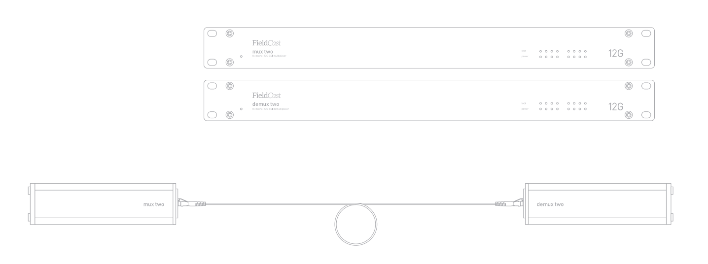 Si su infraestructura solo admiteuna única fibra simple (simplex), el Mux/Demux Two le permitirá gestionar fácilmente toda la transmisión. O si desea tender el menor número posible de cables en eventos en directo, este dispositivo le permitirá multiplexar hasta ocho canales de vídeo y transmitir todos los datos del punto A al punto B mediante una sola fibra. Todas las señales de vídeo de 12G conservan la integridad total de los datos: lo que entra, salesin cambios.
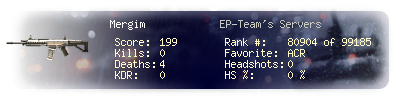 | Kill-streak | 0 | Death-streak | 2 | Team Kills | 0 |
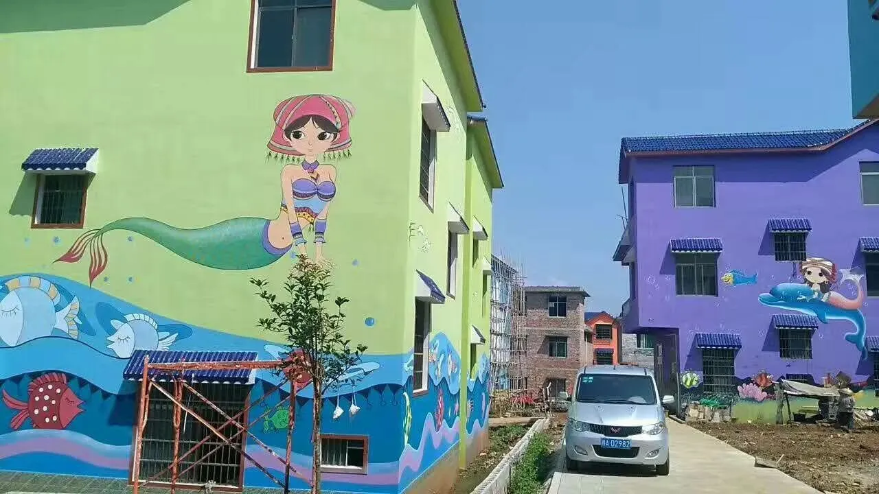 早餐后前往七彩渔村——3D墙绘中国华南第一村,(车程约20分钟,游览约1.5小时)虎头村位于广西富川瑶族自治县富阳镇新坝村委所在的一个自然村,属水库移民村,因广西第三大水库--龟石水库修建而搬迁至龟石水库边。该村素有“天然氧吧”的美称,全村松竹林立,气候温和,冬无严寒,夏无酷暑,年平均气温19C°,四周植被茂盛、景色优美、空气清新,面对龟石国家湿地公园,无限风光尽收眼底。

**What you have to do**
Recopy the whole listing above precisely, excluding images.

**Your solution**
 Si su infraestructura solo admiteuna única fibra simple (simplex), el Mux/Demux Two le permitirá gestionar fácilmente toda la transmisión. O si desea tender el menor número posible de cables en eventos en directo, este dispositivo le permitirá multiplexar hasta ocho canales de vídeo y transmitir todos los datos del punto A al punto B mediante una sola fibra. Todas las señales de vídeo de 12G conservan la integridad total de los datos: lo que entra, salesin cambios.
 | Kill-streak | 0 | Death-streak | 2 | Team Kills | 0 |
 早餐后前往七彩渔村——3D墙绘中国华南第一村,(车程约20分钟,游览约1.5小时)虎头村位于广西富川瑶族自治县富阳镇新坝村委所在的一个自然村,属水库移民村,因广西第三大水库--龟石水库修建而搬迁至龟石水库边。该村素有“天然氧吧”的美称,全村松竹林立,气候温和,冬无严寒,夏无酷暑,年平均气温19C°,四周植被茂盛、景色优美、空气清新,面对龟石国家湿地公园,无限风光尽收眼底。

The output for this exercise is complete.